# Find the relative maximum and minimum values and the saddle points, if they exist. f(x,y) = 8xy(x...

## Question:

Find the relative maximum and minimum values and the saddle points, if they exist.

{eq}f(x,y) = 8xy\left(x + y\right) + 6 {/eq}

## Second Partials Test:

A critical point for a function {eq}f(x,y) {/eq} of two variables {eq}x {/eq} and {eq}y {/eq} is a point {eq}(a,b) {/eq} where {eq}f_x(a,b)=f_y(a,b)=0 {/eq} or {eq}f {/eq} is not differentiable at {eq}(a,b). {/eq}

To determine whether a critical point is a local maximum, minimum or saddle point we often use the Second Partials Test which states:

Let {eq}f {/eq} be a function with continuous first and second order derivatives in a disk around {eq}(a,b) {/eq} for which {eq}f_x(a,b)=f_y(a,b)=0. {/eq}

Define the discriminant of {eq}f {/eq} at {eq}(a,b) {/eq} by

{eq}D=f_{xx}(a,b)f_{yy}(a,b)-(f_{xy}(a,b))^2 {/eq}

Then

1) If {eq}D>0, {/eq} then {eq}f(a,b) {/eq} is a local extremum. If {eq}f_{xx}(a,b)>0, {/eq} then {eq}f(a,b) {/eq} is a local minimum; If {eq}f_{xx}(a,b)<0, {/eq} then {eq}f(a,b) {/eq} is a local maximum.

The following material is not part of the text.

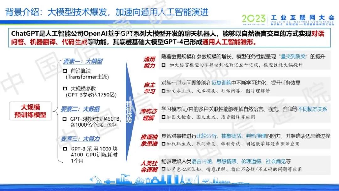 當(dāng)前,以ChatGPT為代表的大規(guī)模預(yù)訓(xùn)練模型已經(jīng)展現(xiàn)出涌現(xiàn)能力、自主學(xué)習(xí)、跨模態(tài)理解、推理抽象思維和人類社會理解等特征優(yōu)勢,已形成通用人工智能雛形,讓我們對傳統(tǒng)人工智能產(chǎn)生顛覆性認(rèn)知。

2) If {eq}D<0, {/eq} then {eq}(a,b) {/eq} is a saddle point.

3) If {eq}D=0, {/eq} then this test gives no information.

## Answer and Explanation:

Let {eq}f(x,y)=8xy(x+y)+6=8x^2y+8xy^2+6 {/eq}. We then have

{eq}f_x=16xy+8y^2\\ f_y=8x^2+16xy {/eq}

Setting them both equal to 0 (note (0,0) is a solution so we assume {eq}x {/eq} and {eq}y {/eq} are not 0) we have

{eq}16xy+8y^2=0 \text{ and } 8x^2+16xy=0 {/eq}

Or

{eq}8y^2=-16xy \text{ or } y=-2x \text{ and}\\ 8x^2=-16xy \text{ or } x=-2y {/eq}

Thus we have {eq}y=-2x=-2(-2y)=4y {/eq} and this means {eq}y=0 {/eq} and thus {eq}x=0 {/eq}. So the only critical point is {eq}(0,0) {/eq}.

Next we note that

{eq}f_{xx}=16y\\ f_{yy}=16x\\ f_{xy}=16x+16y {/eq}

We can see that the second partials test fails since {eq}D(0,0)=0 {/eq}.

To see this is a saddle point we note that if {eq}y=x {/eq} we have

{eq}f(x,x)=8xx(x+x)+6=16x^3+6 {/eq}. Since 0 is not a local maximum or minimum, we conclude that the {eq}f(x,y) {/eq} has a saddle point at {eq}(0,0) {/eq}.